Mechanical equivalent of heat => transfer from work $W$ to heat $Q$ Consider the following experiment to determine the mechanical equivalent of heat $\mu = \frac{\Delta W}{\Delta Q}$

Not seen in the picture is a weight with a known mass hanging down the cord. When you start cranking, you compensate the weight force $F_G$ with the friction $F_F$. Its value is the difference of $F_G$ and the force held by the dynamometer.
One can calculate the work put into the system via $\Delta W = F_F \cdot\Delta s = (F_G - F_D) \cdot 2\pi rn$, with $r$ the cylinder radius and $n$ the number of revolutions. (you don't have to consider vectors calculating $\Delta W$, because $F_F$ and $s$ always point to the same direction $\Rightarrow$ $\phi = 0 \Rightarrow \cos(\phi) = 1$)
By measuring the temperature, one can obtain $\Delta Q = C_{total}\cdot\Delta T$.
To the questions.

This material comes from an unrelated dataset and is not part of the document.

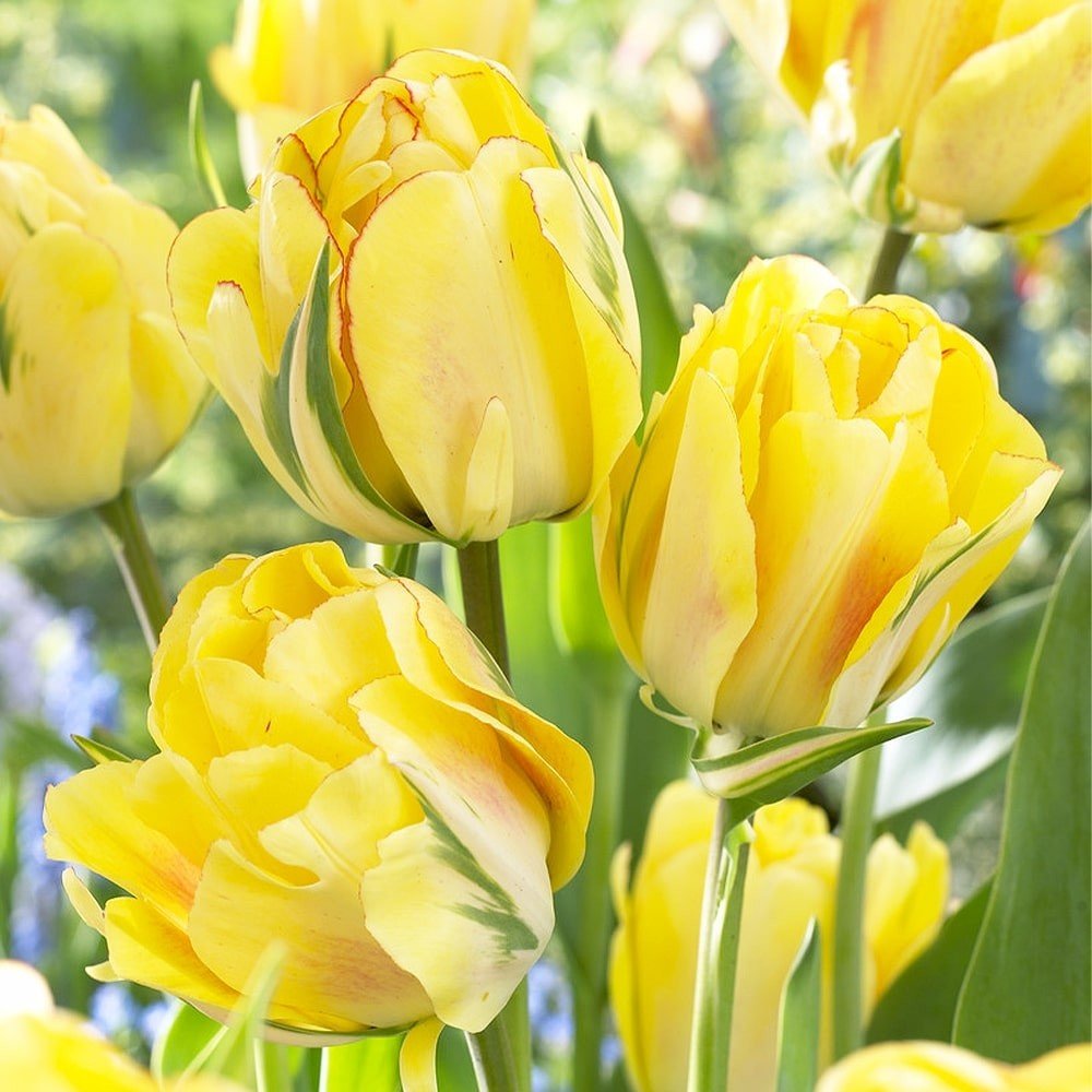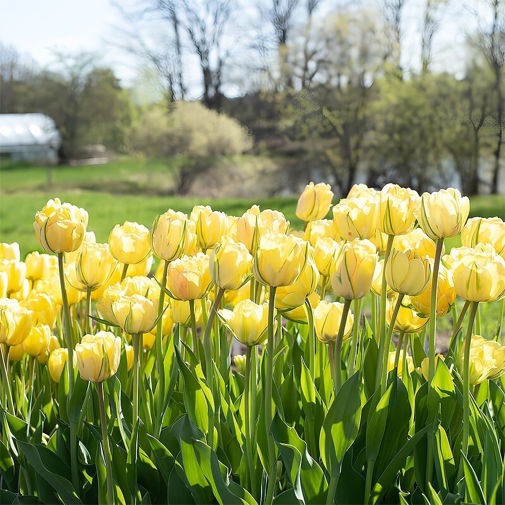 Тюльпани Akebono мають вельми цікаве забарвлення. Основна частина квітки жовтого кольору, відтінок дуже ніжний. По краю пелюсток простягаються рівні червоні лінії. Таке тонке обрамлення надає квітці витонченість і унікальність. Уздовж кожної пелюстки йдуть зелені смужки, зовні вони виглядають, ніби продовження стебла. Квіти мають багато пелюсток, тому нагадують піони.

What are the possible outcomes for $\mu$? In an idealized case, where no energy gets lost/dissipated, one can clearly assume $\mu = 1$. What's the meaning behind $\mu > 1$ and $\mu < 1$?
My ideas and assertions:


*

*In a closed, ideal system, one can completely transfer all mechanical energy $W$ in heat energy $Q$

*One cannot transfer all heat $Q$ back into $W$ (Perpetuum mobile 2nd kind)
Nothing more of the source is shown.